What if your toaster didn’t like you and decided to move on? As companies start to add more personality to the smart objects we live with, one interaction designer is considering how a product’s own programmed desires could shape us, rather than the other way around.
In Simone Rebaudengo’s toaster experiment, called Addicted Products, a network of toasters goes to "host" families. Each toaster wants to be used, and if it’s not, the toaster complains and tells the network that it wants to go somewhere else.
Why would you want such a cranky toaster? For Rebaudengo, it was partly a way to get people thinking about how much we buy and own. Though sharing services are popular for consumer products like cars, which are expensive and can be annoying to own, it’s trickier to get people to share smaller things like kitchen gadgets. "For household products, the cost is too low to make sharing a viable option," he says. "The only way to make it work is to create some new value for people."
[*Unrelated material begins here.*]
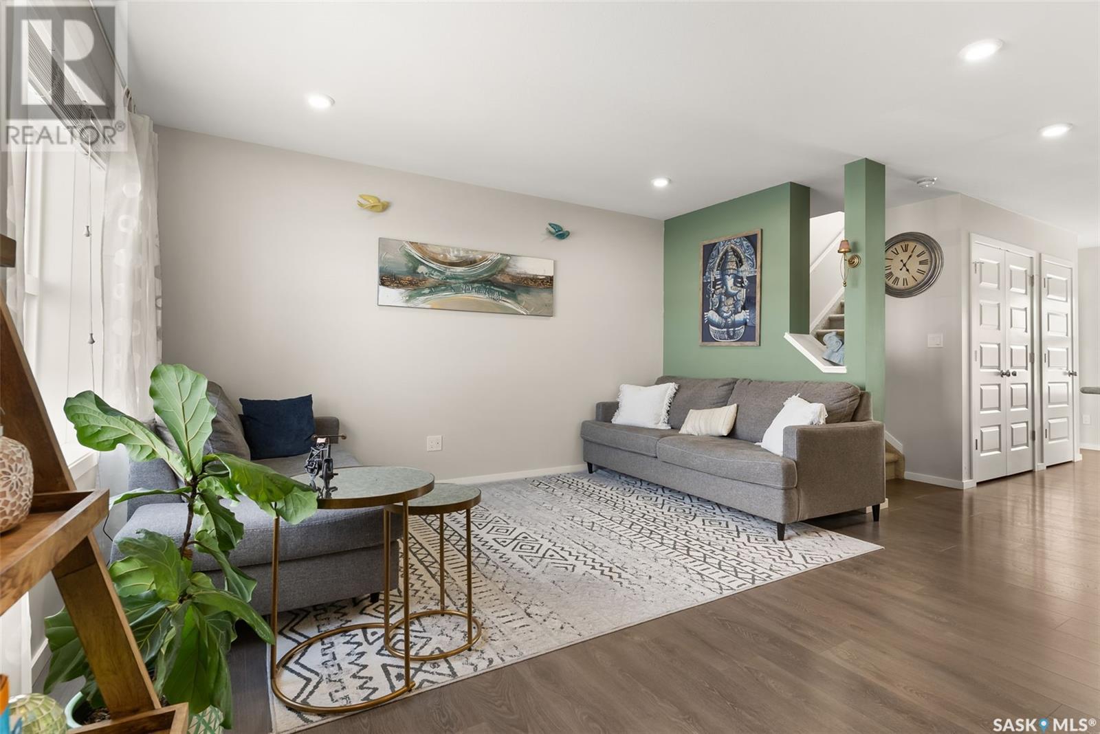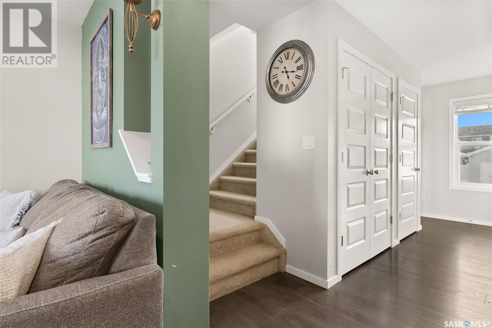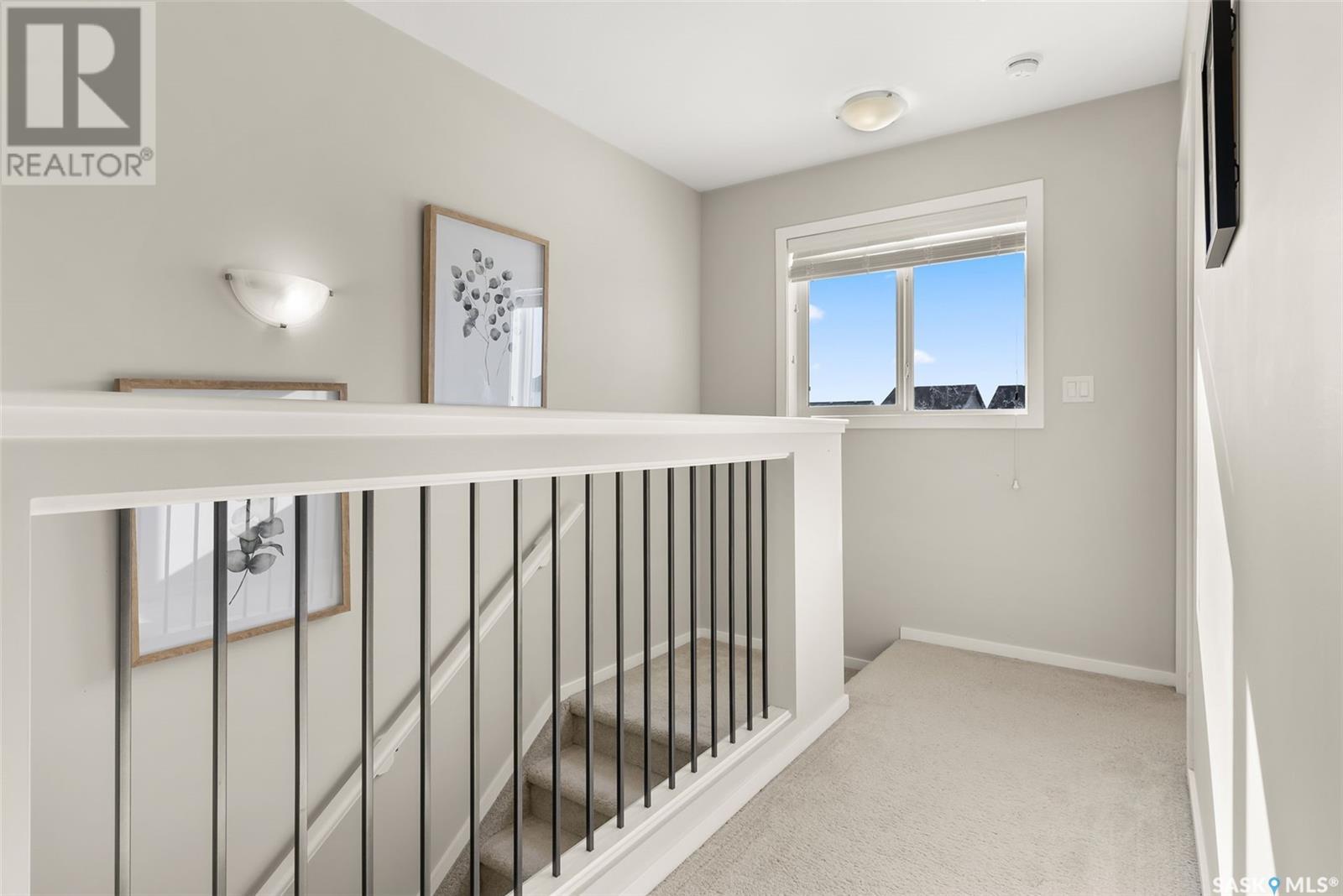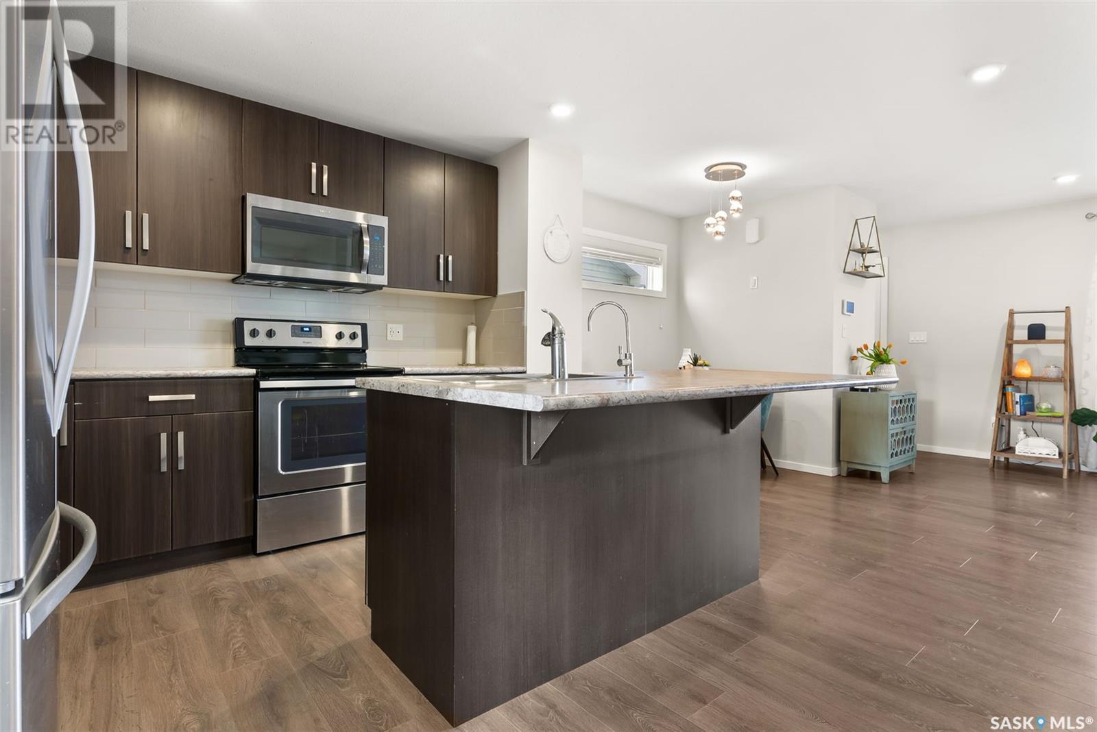 Located in Regina’s Greens on Gardiner neighbourhood, kitty-corner to Wascana Plains and St. Elizabeth School, playgrounds and tobogganing hill, this eye-catching two storey home has great street appeal and is move-in ready. With 1,280 sq. ft. of living space, this two storey townhouse has 3 bedrooms and 4 bathrooms plus a single detached garage with back alley access. The main floor is an open concept layout with laminate flooring that flows throughout the entire floor. The kitchen is a generous size with a large island, stainless steel appeals and nicely tiled backsplash. There is a mudroom with a built-in bench off the back entrance along with a 2 pc bathroom. The plush carpets run upstairs and throughout all 3 bedrooms. The primary bedroom features a walk-in closet and 4 pc ensuite with tiled flooring. There is another 4 pc bathroom and linen closet that complete the second level. The basement has been developed into a huge living space currently being used as an air bnb with bright white walls, dark concrete floors, and a 4 pc bathroom. The laundry room is in the mechanical room, with some additional storage. The yard is fully fenced, with access to your garage. Contact your real estate agent today to book your showing! (id:22211)

Injecting some personality into products might be one way to help people notice that they’re not really using everything filling their home. As Rebaudengo tested his network of toasters, people were suddenly hyper-aware of an object they'd never noticed before. They started changing their everyday lives; one family even had a party just so they had a reason to make more toast.
"Suddenly an object that has no real value gets a lot of value because you are judged as an owner," he says. "It was kind of fun because even though it was a speculative vision, by making it real enough you get these full reactions. What if this was true?"
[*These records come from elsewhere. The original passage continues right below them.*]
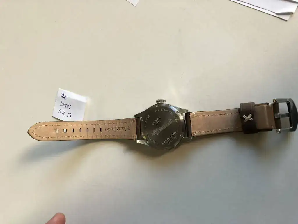En perfecto estado, le cambié el cristal por un plexi para darle un aire aun mas retro y de piloto; con correa de piel Vuelta con cosido preciosa
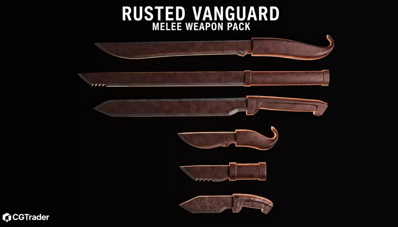 Equip your digital world with the Rusted Vanguard, a collection of six meticulously crafted melee weapons that blend brutal utility with the weathered beauty of decay. This pack features a versatile range of blades—from compact tactical daggers to heavy-duty long blades—each telling a story of survival through their realistically rusted and pitted textures.
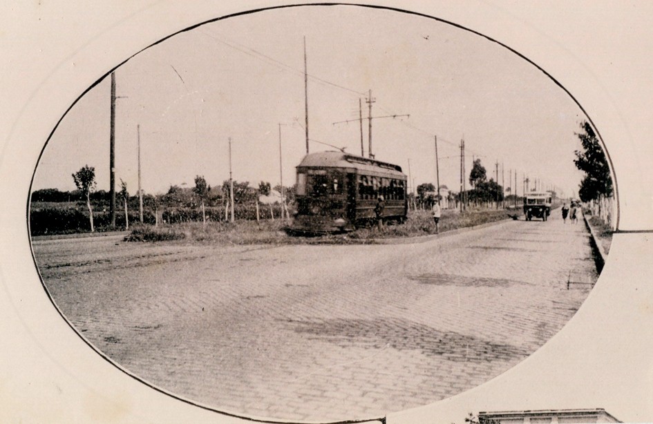 La imagen muestra un tranvía circulando por la avenida Maipú, a la altura de la calle Malaver.
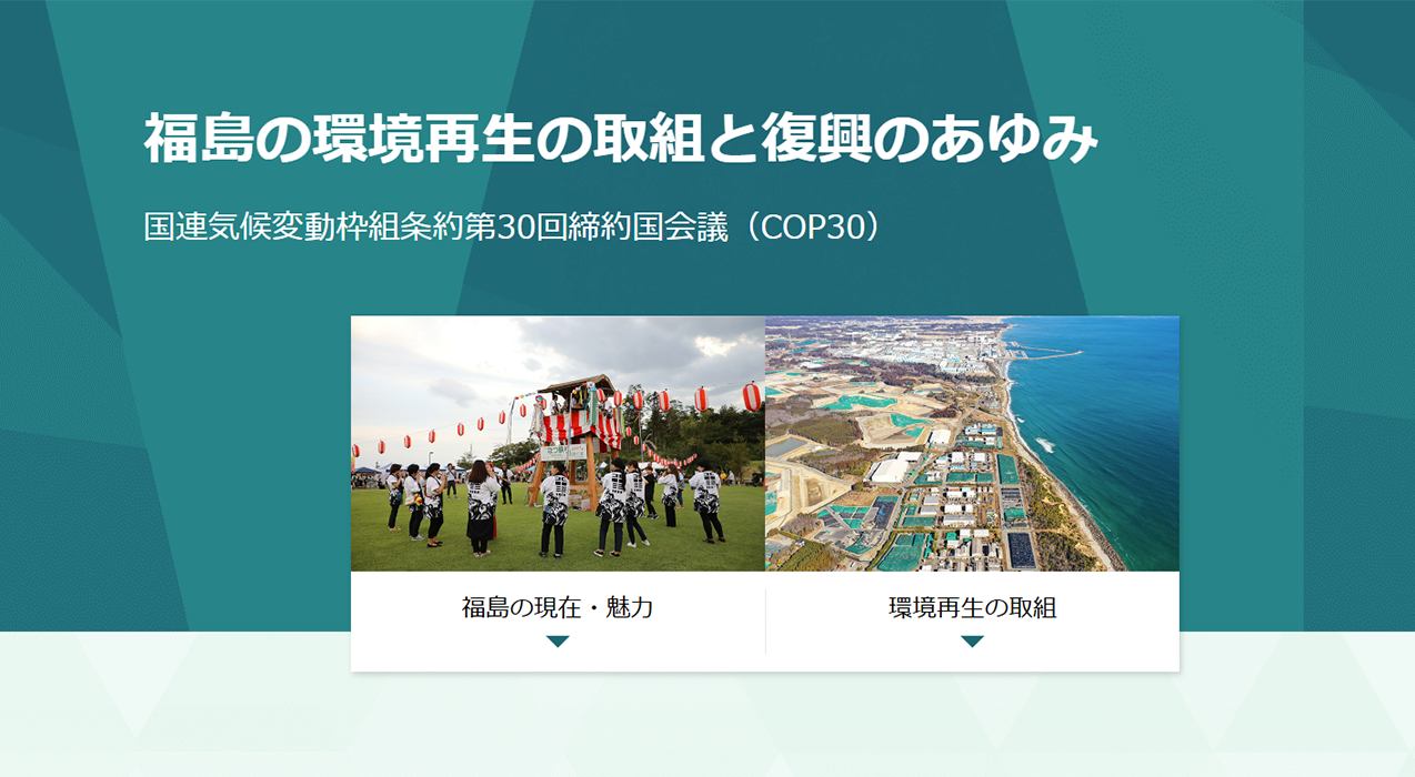第30回締結国会議(COP30)環境省では、これまで多くの皆様のご協力を得ながら、世界的にも前例のない規模と方法で除染などの環境再生事業に取り組んできました。
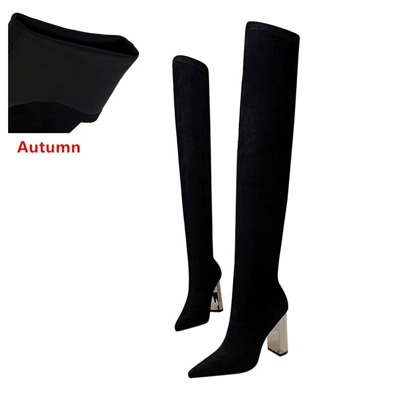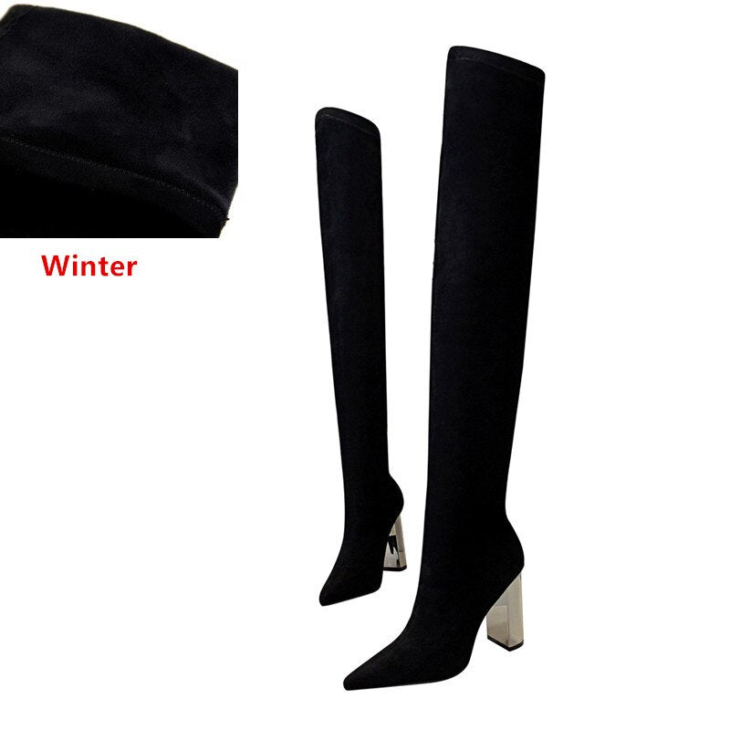2020 Women over the knee Boots Slip on Autumn Winter Shoes Thick heeled Elastic Suede Thigh high boots High heels Warm Long boot

Though it's unlikely that many people would actually want a toaster that acts quite like this (and some people in Rebaudengo's experiment were pretty annoyed by the system), several aspects of the design could easily be incorporated into actual product-sharing systems.
Having everything plugged into a network makes it simple to track what products are available and how much they're being used. The design also includes clear comparisons between what one family is doing compared to others in the network. While this encouraged people to use products more—not necessarily a good thing, if that also means using more energy— it could also probably be tweaked so that it simply made people more aware of what they do and don't need.
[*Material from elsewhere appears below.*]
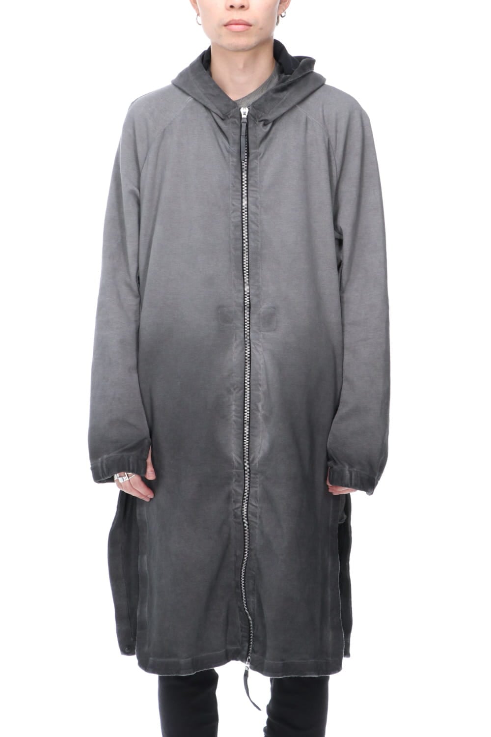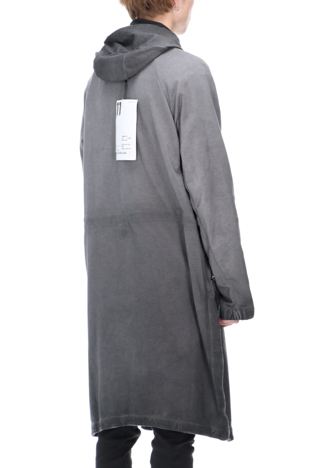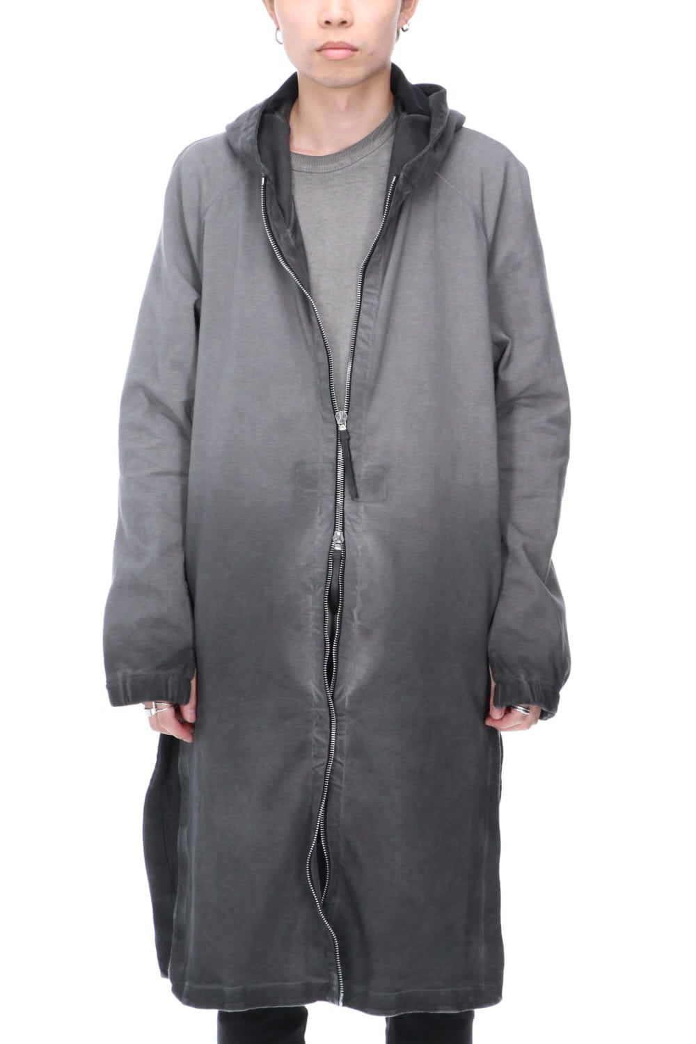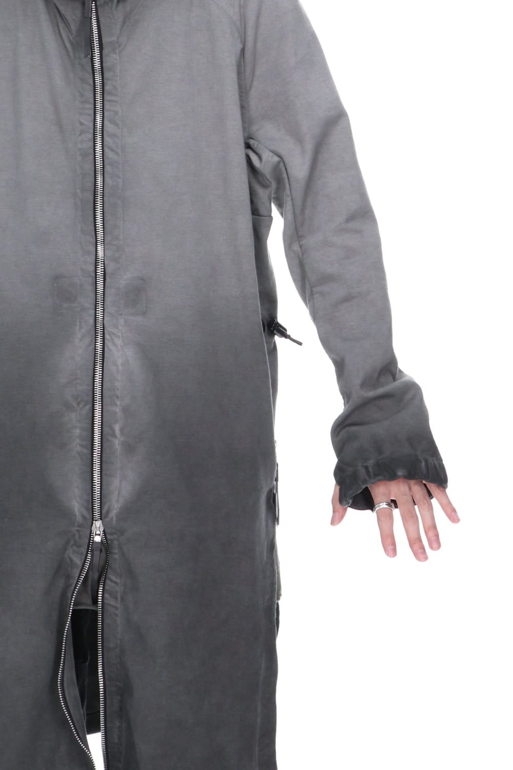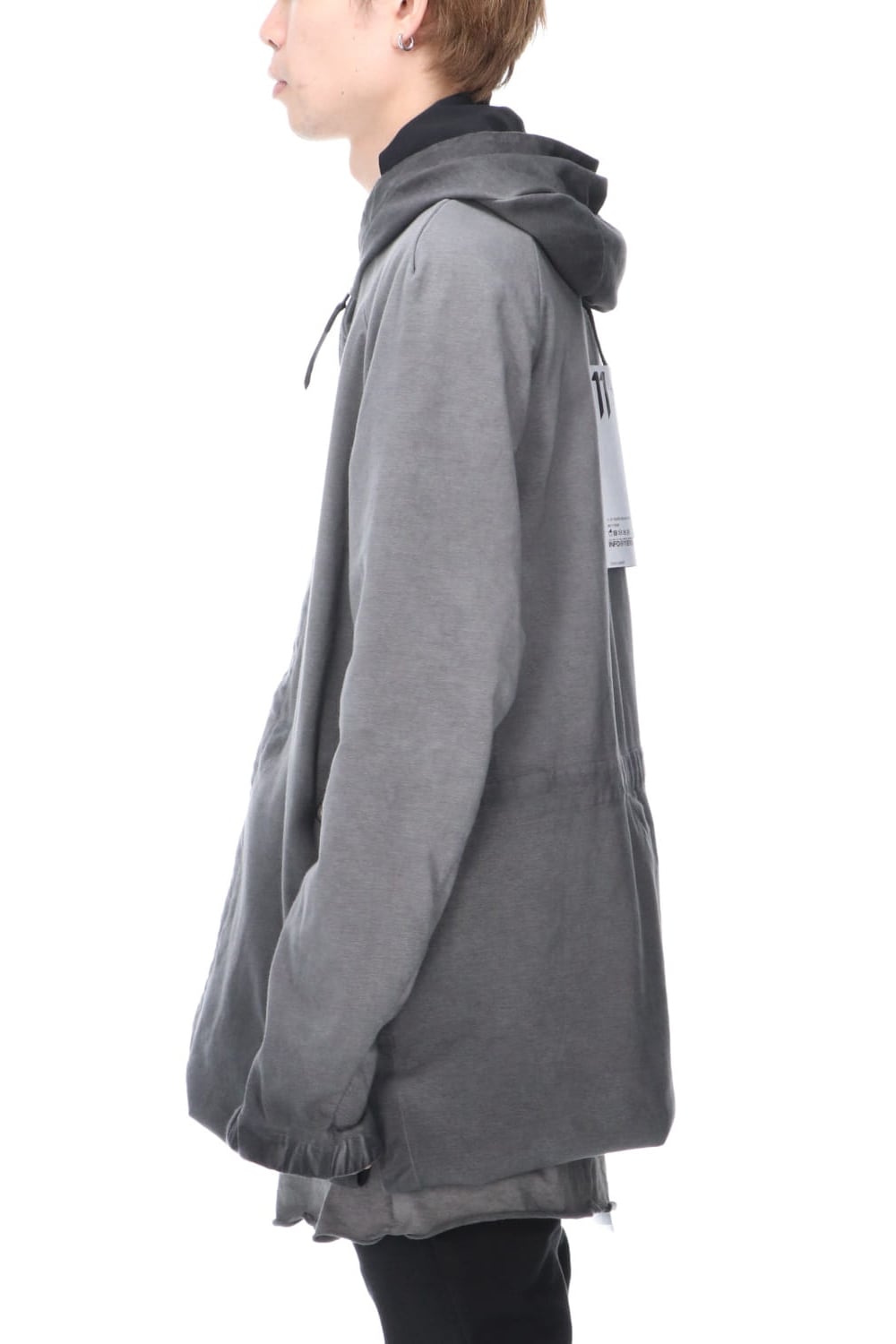 The silhouette can be narrowed by the large slit and the draw cord that is on the waist.

And an added nudge from an object might be enough to help people let go of it. "If we only rely on people to be the promoters of sharing, it will be very hard to change people," Rebaudengo says. "Something like property is such a deeply rooted value in our society. People get angry because it touches their deeper need of having things."
"A truly smart product probably would do something that we may not agree with, but could lead to a more positive outcomes," he adds.